When Capulet hears that he will not make Juliet a "joyful bride," we see a different side of him. At first he asks a serious of questions, showing that he does not understand how his daughter could disobey her kind father. Then when she tells him herself that she does not plan on marrying Paris, he berates her with a series of insults and gives her an ultimatum: either she willingly goes to church on Thursday, or he will drag her there himself. This is not the same man who told Paris that Juliet had to make the decision herself, probably because he always assumed that she would agree with anything her father said (RL.9-10.3). I hope to have an animated student read from Capulet, so they we can hear the angry in his voice, which will make it easier to discuss.
We also see a change in Juliet. We will focus on these lines and discuss the ways in which Juliet has developed (RL.9-10.3). These changes help students evaluate the authenticity of the couple's love, or more accurately, they offer fodder for the discussion: Does her new independence prove that she has matured and is responsible or that she is blinded by a good-looking guy into acting badly? A close-reading of her language starts the conversation (RL.9-10.4).
Returning to Our Journals
Teenagers, more than anyone, understand the tensions that arise when parents think they know their children, but fail to see the ways in which they have grown up. Of course, teenagers often have a short-sided view on these situations, since they are the ones pushing boundaries. Nonetheless, they have a lot to say on this subject. I will ask that they return to their journal entries and reflect on the pages we have read:
What do you think of Capulet now? Is he cruel, a hot-head, or is he a good father? He's trying to do something good for his daughter, even if she doesn't want him to, so who is really at fault here? (W.9-10.10)

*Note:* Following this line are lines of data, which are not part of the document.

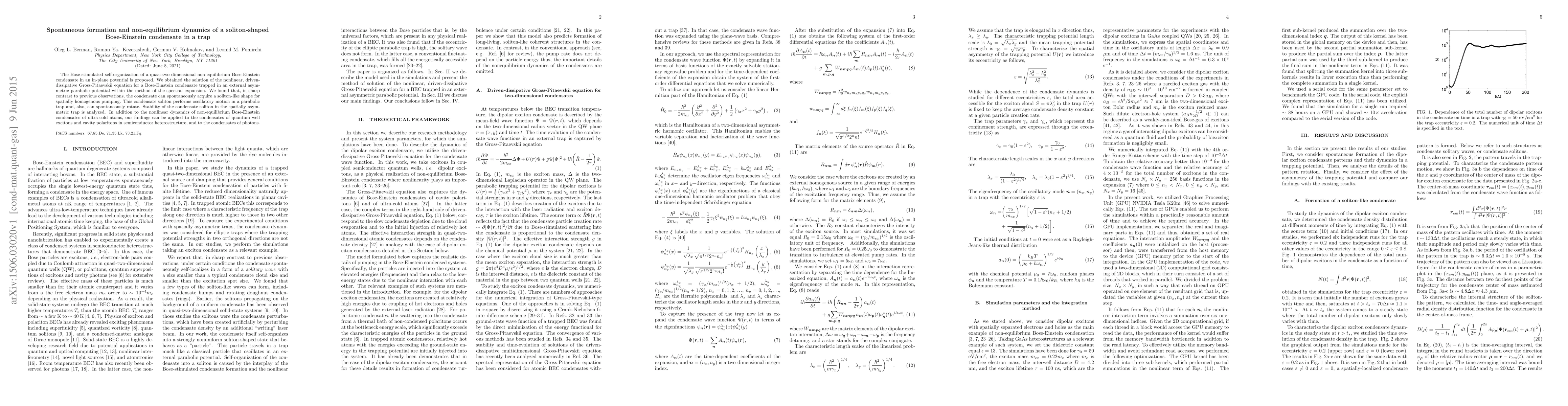 This paper investigates the spontaneous formation of a soliton-shaped Bose-Einstein condensate in a non-equilibrium state, revealing its oscillatory and rotational dynamics within an asymmetric trap. The study employs the spectral expansion method to solve the driven-dissipative Gross-Pitaevskii equation, demonstrating the condensate's stability and potential applications to various quantum systems.
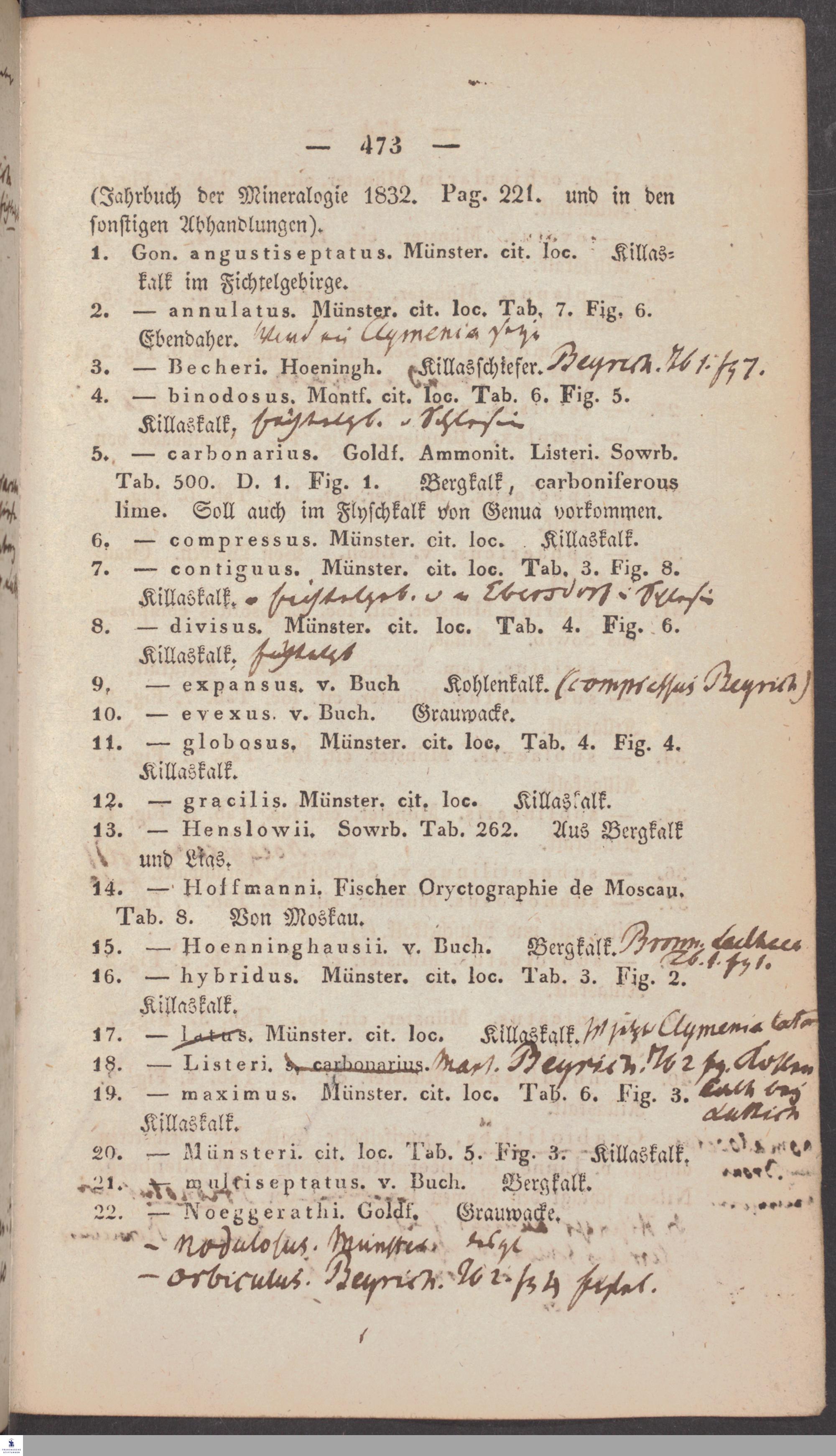 Handschriftliche Anmerkungen und Ergänzungen von Christian Keferstein in einem durchschossenen Exemplar seines Werks "Naturgeschichte des Erdkörpers. Band 2. Zweite Abtheilung. Achter Abschnitt. Die foßilen Mollusken".
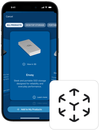 My OWC’s built-in AR (augmented reality) feature enables you to see true-to-scale 3D models of select OWC products right in your own workspace. Place a ThunderBay 8 next to your computer or see just how tiny an Envoy portable drive really is. It’s a fun, easy way to get a feel for the size and look of an OWC product before you plug it in. Move it around, check the fit, and plan your layout like a pro!
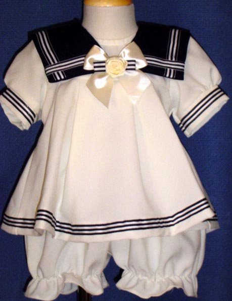 This is the cutest little dressy sailor dress set for your baby girl! Made of cream polyester, it features a navy sailor collar and short puffed sleeves edged with navy blue and cream ribbon. The collar is accented by a cream satin bow centered with a striped bow and topped by a cream satin rosebud. A softly pleated skirt falls from the yoke with the hem edged with navy blue and cream ribbon. The dress buttons in the back. Cute little matching cream pantaloons complete the sweet and feminine look.
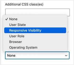 - 单击其下拉菜单以查看多个选项。该插件提供隐藏或显示任何基于区块的多个条件,如用户状态(已登录或注销)、用户角色、浏览器和操作系统。
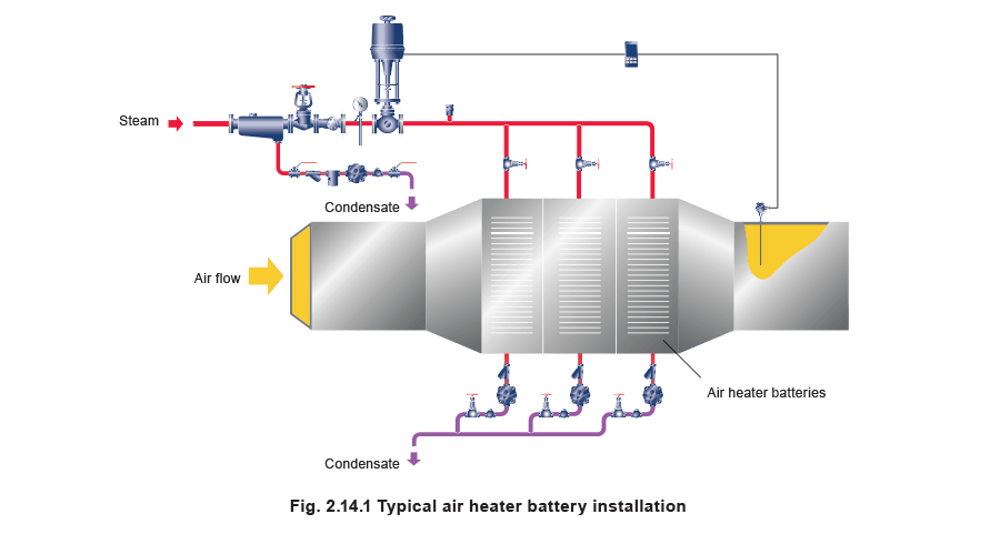 A feature of this type of plant is the small steam space, and a relatively high steam load when warming up from cold. To account for this and the load fluctuations, steam traps should be sized with a factor of 2 times the running load. Temperature control can be very accurate using pilot operated direct acting reducing valves, giving a constant and consistent steam pressure corresponding to the required surface temperature. These are sized simply on the designed steam load.

I want students to write first, since some need that extra think time before speaking, but then I hope to have enough time to hear some of their ideas and reflections aloud (SL.9-10.1).

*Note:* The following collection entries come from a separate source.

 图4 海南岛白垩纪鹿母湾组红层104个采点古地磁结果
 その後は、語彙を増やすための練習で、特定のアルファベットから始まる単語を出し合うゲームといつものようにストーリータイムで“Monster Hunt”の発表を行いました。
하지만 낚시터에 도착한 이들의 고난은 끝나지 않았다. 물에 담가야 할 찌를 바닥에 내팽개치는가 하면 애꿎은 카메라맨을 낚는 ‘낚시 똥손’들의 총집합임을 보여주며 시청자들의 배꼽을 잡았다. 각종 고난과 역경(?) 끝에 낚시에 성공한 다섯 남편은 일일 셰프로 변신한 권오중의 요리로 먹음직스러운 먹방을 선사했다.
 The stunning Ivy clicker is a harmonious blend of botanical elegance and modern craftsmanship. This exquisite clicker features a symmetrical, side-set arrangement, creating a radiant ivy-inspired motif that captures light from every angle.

I will assign homework in the last few minutes of class. Students will translate the first two pages of the next scene. I will explain that we will start tomorrow's class by acting out these lines, which they should think about while completing their homework. In other words, they need to think about the emotion behind the lines, not just what each word means. This prep time will help us tomorrow, because it means that we can get right to the heart of the scene.